> **Exercise directions**
Verbatim copy, images omitted: return the full listing.

BEGIN

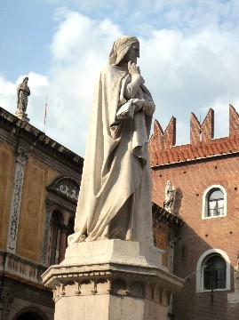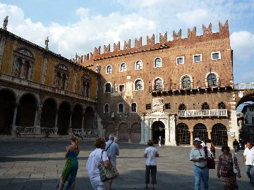 Piazza dei Signori mit der Loggia del Consilio und dem Palazzoo degli Scaligeri, unten der Zinnenturm und die Dante-Statue (von Zannoni) auf der Piazza dei Signori
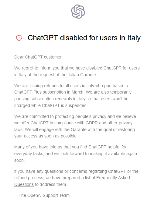 ChatGPT inaccessibile in Italia a seguito del provvedimento del Garante
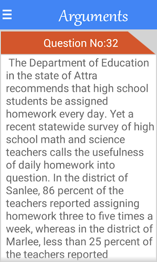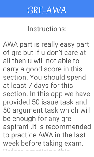 This app contains 50 issue tasks and 50 arguments for preparing gre AWA sections with proper instructions....
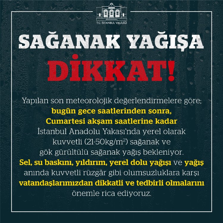 İstanbul Valiliği, meteorolojiden alınan son verilere göre vatandaşları dikkatli olmaları konusunda uyardı.
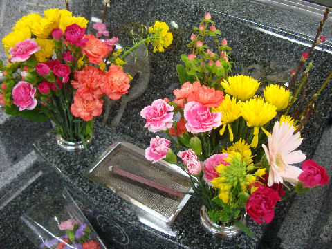 明日は20日でイオンが混雑する(5%オフの日)ので今日墓参りに。花がお彼岸で値上がりしていていつものように買って2000円越え。
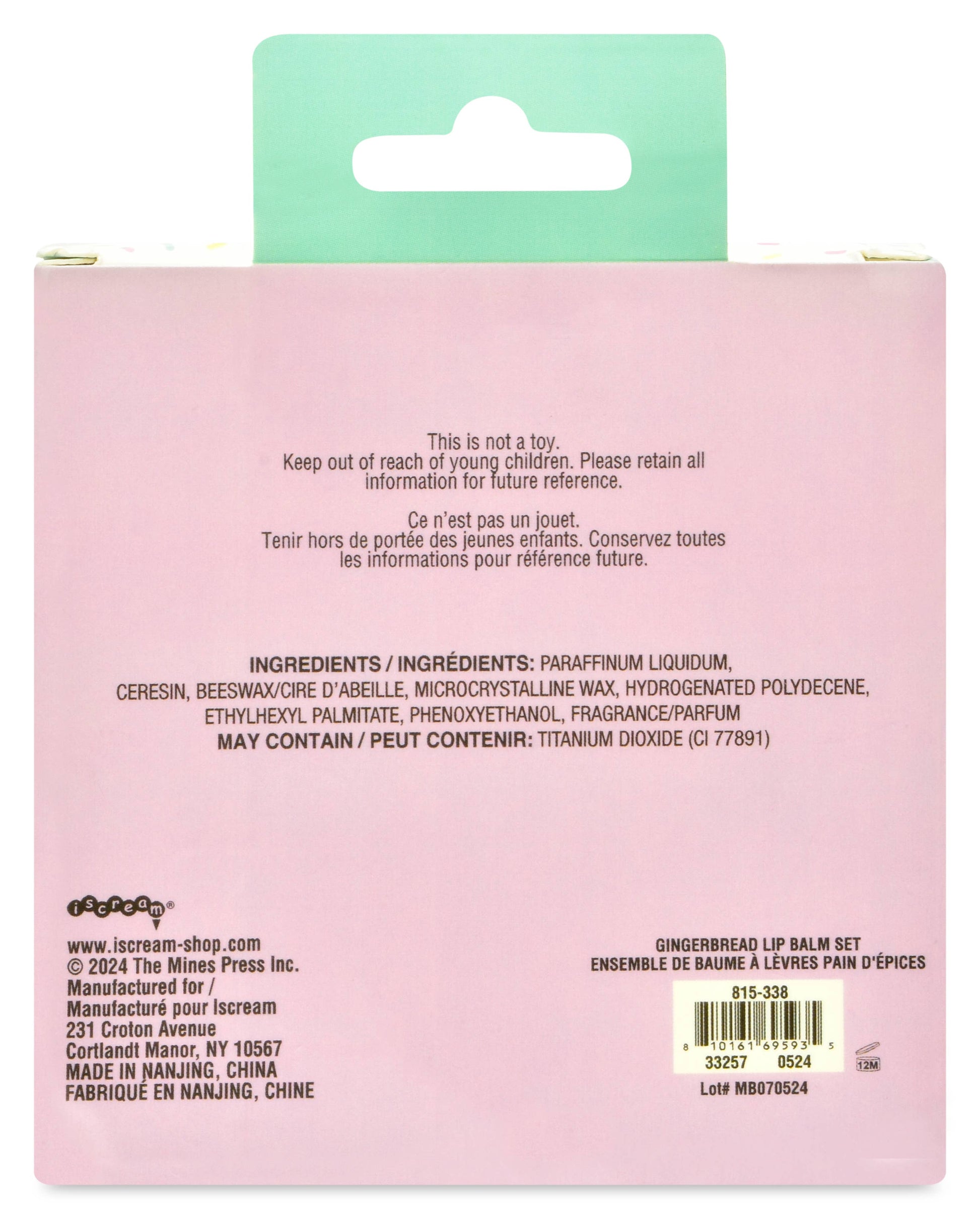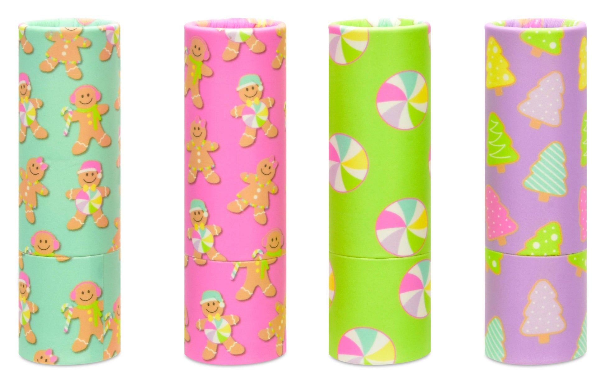 Iscream's Gingerbread Lip Balm Set includes four individual tubes of roll up lip balm. Each tube has it's own thoughtful holiday design.
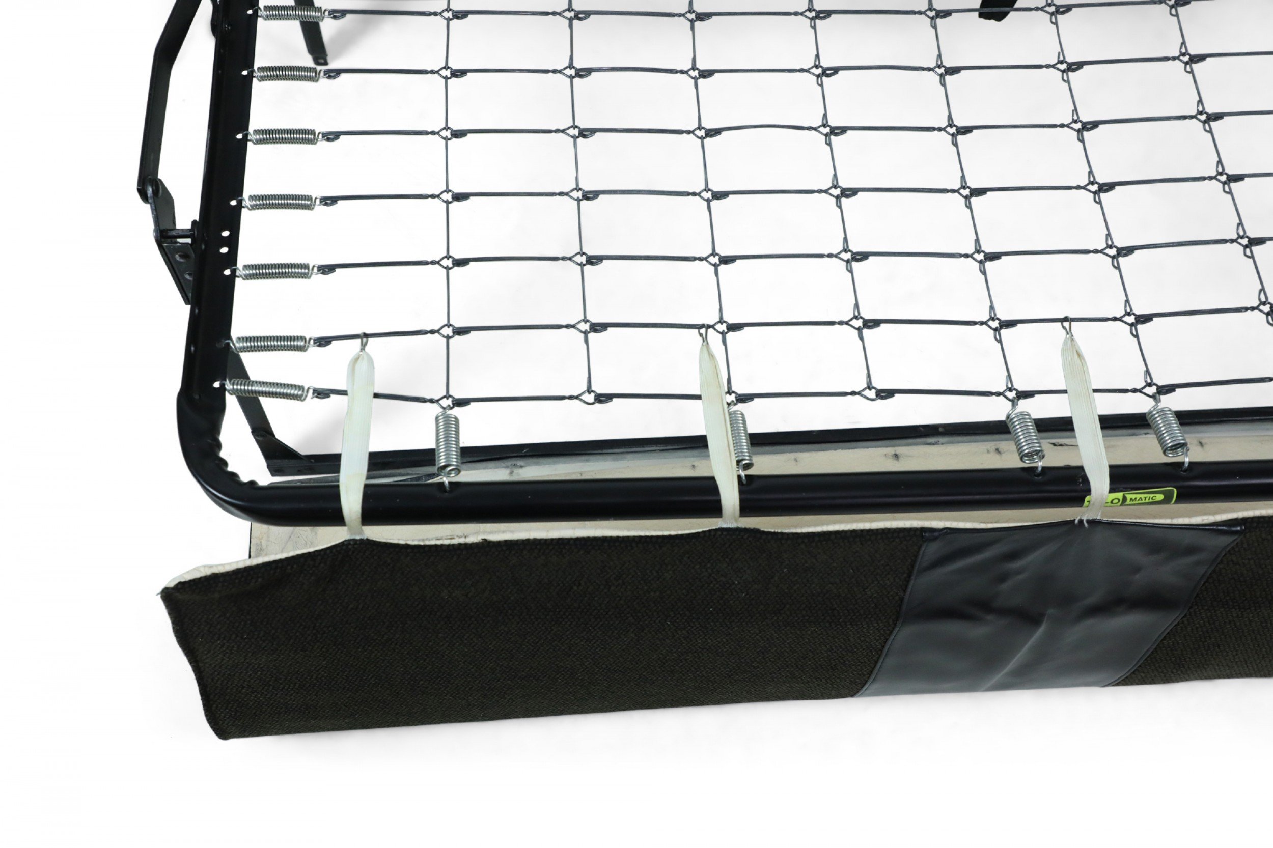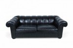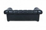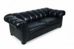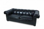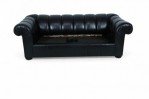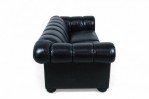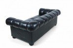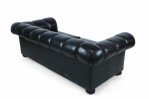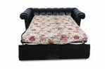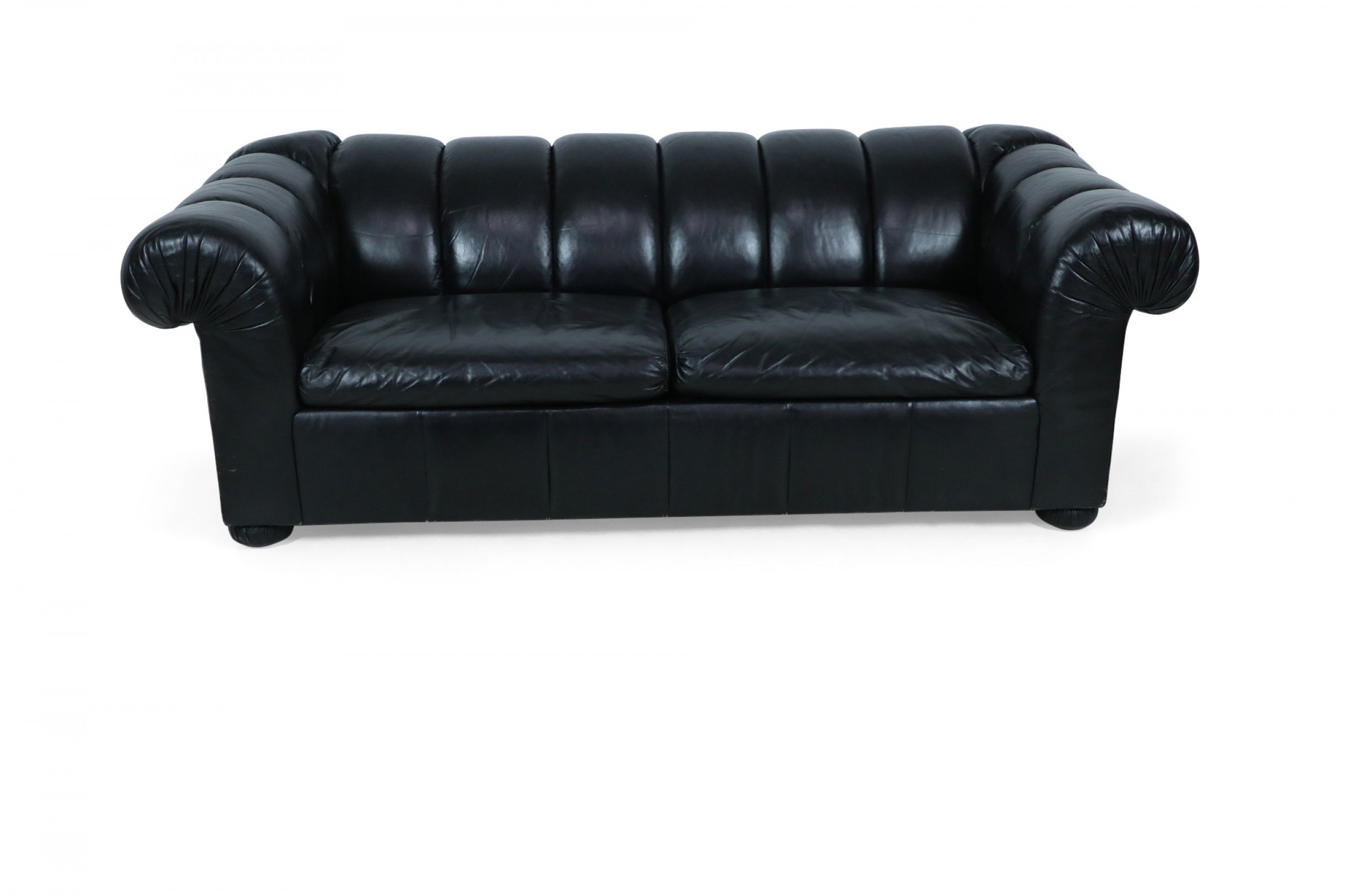 English style contemporary Chesterfield tufted black leather sofa with pull out folding bed beneath two channeled seat cushions..
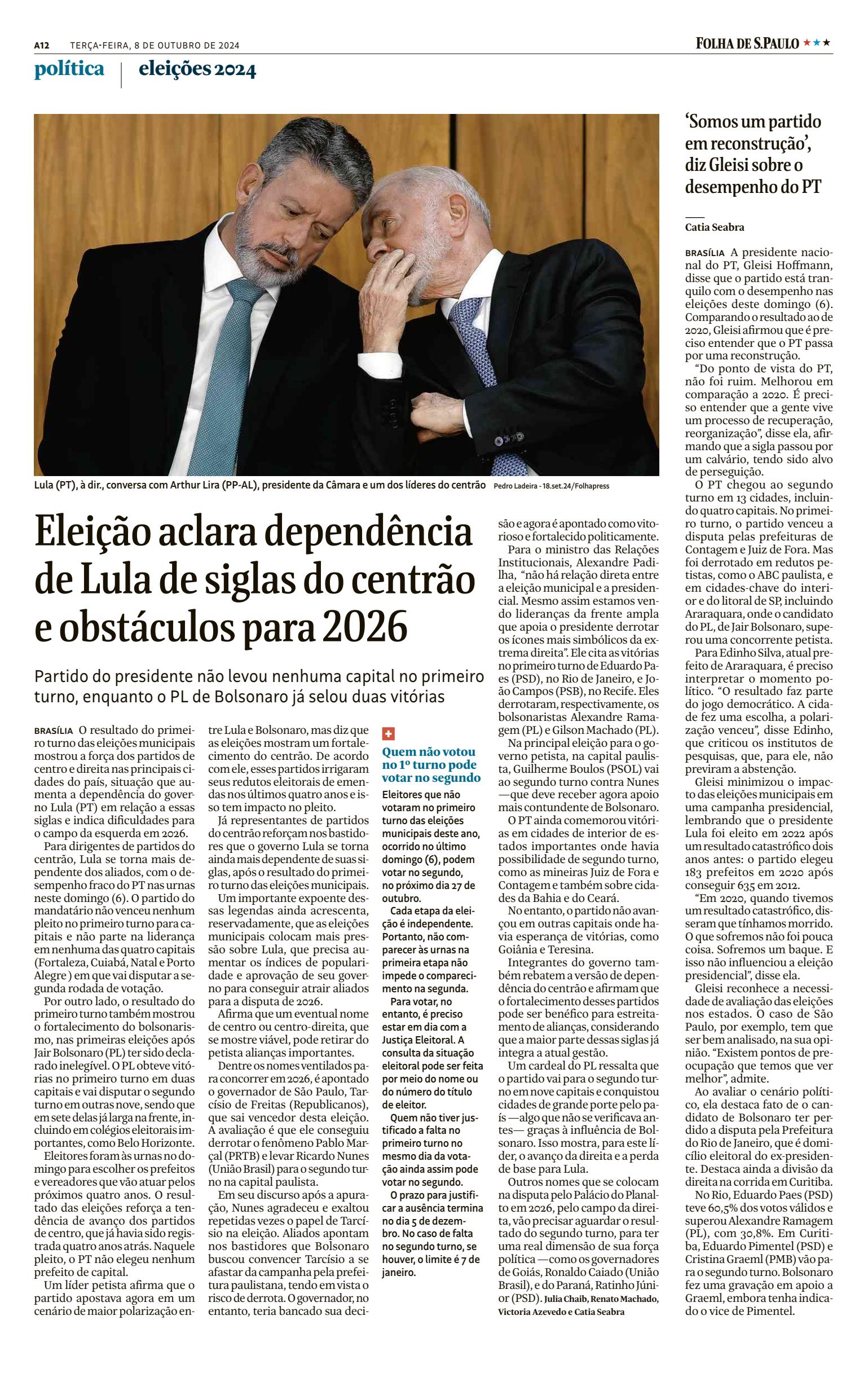 Para dirigentes de partidos do centrão, Lula se torna mais dependente dos aliados, com o desempenho fraco do PT nas urnas neste domingo (6). O partido do mandatário não venceu nenhum pleito no primeiro turno para capitais e não parte na liderança em nenhuma das quatro capitais em que vai disputar a segunda rodada de votação.
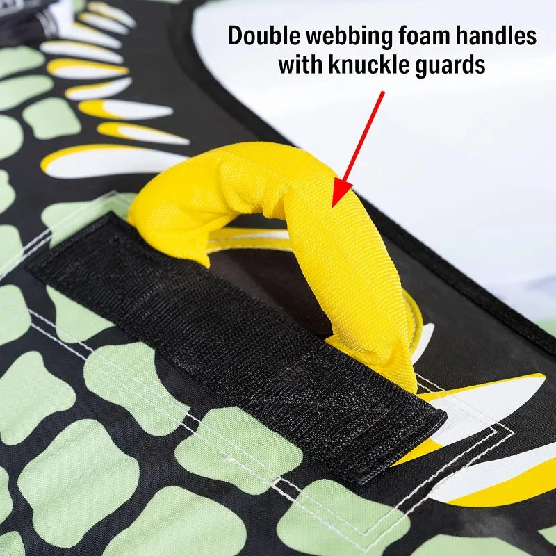 - Sure-grip double-webbing foam handles with knuckle guards deliver secure handling for both riders, plus a reinforced towing system for a dependable connection to your tow rope.
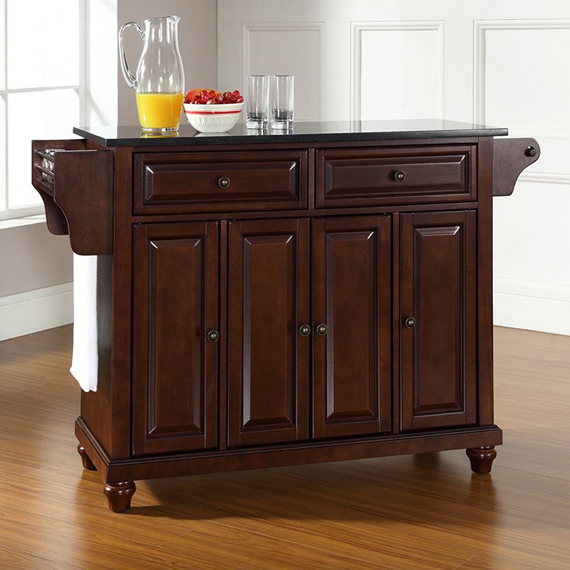 Crosley Cambridge Granite Kitchen Island, BrownSupplement your kitchen with this Crosley Cambridge island. Two drawers provide storage. Cabinets with adjustable shelving offer additional room. Built-in towel and spice racks keep essentials in reach. Granite top accommodates your food prep needs. 36''H x 52''W x 18''D Wood, MDF, granite Wipe clean Assembly requiredCrosley
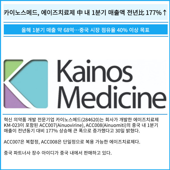 [카드] 카이노스메드, 에이즈치료제 中 내 1분기 매출액 전년比 177%↑

END

> **Answer to this task**
 Piazza dei Signori mit der Loggia del Consilio und dem Palazzoo degli Scaligeri, unten der Zinnenturm und die Dante-Statue (von Zannoni) auf der Piazza dei Signori
 ChatGPT inaccessibile in Italia a seguito del provvedimento del Garante
 This app contains 50 issue tasks and 50 arguments for preparing gre AWA sections with proper instructions....
 İstanbul Valiliği, meteorolojiden alınan son verilere göre vatandaşları dikkatli olmaları konusunda uyardı.
 明日は20日でイオンが混雑する(5%オフの日)ので今日墓参りに。花がお彼岸で値上がりしていていつものように買って2000円越え。
 Iscream's Gingerbread Lip Balm Set includes four individual tubes of roll up lip balm. Each tube has it's own thoughtful holiday design.
 English style contemporary Chesterfield tufted black leather sofa with pull out folding bed beneath two channeled seat cushions..
 Para dirigentes de partidos do centrão, Lula se torna mais dependente dos aliados, com o desempenho fraco do PT nas urnas neste domingo (6). O partido do mandatário não venceu nenhum pleito no primeiro turno para capitais e não parte na liderança em nenhuma das quatro capitais em que vai disputar a segunda rodada de votação.
 - Sure-grip double-webbing foam handles with knuckle guards deliver secure handling for both riders, plus a reinforced towing system for a dependable connection to your tow rope.
 Crosley Cambridge Granite Kitchen Island, BrownSupplement your kitchen with this Crosley Cambridge island. Two drawers provide storage. Cabinets with adjustable shelving offer additional room. Built-in towel and spice racks keep essentials in reach. Granite top accommodates your food prep needs. 36''H x 52''W x 18''D Wood, MDF, granite Wipe clean Assembly requiredCrosley
 [카드] 카이노스메드, 에이즈치료제 中 내 1분기 매출액 전년比 177%↑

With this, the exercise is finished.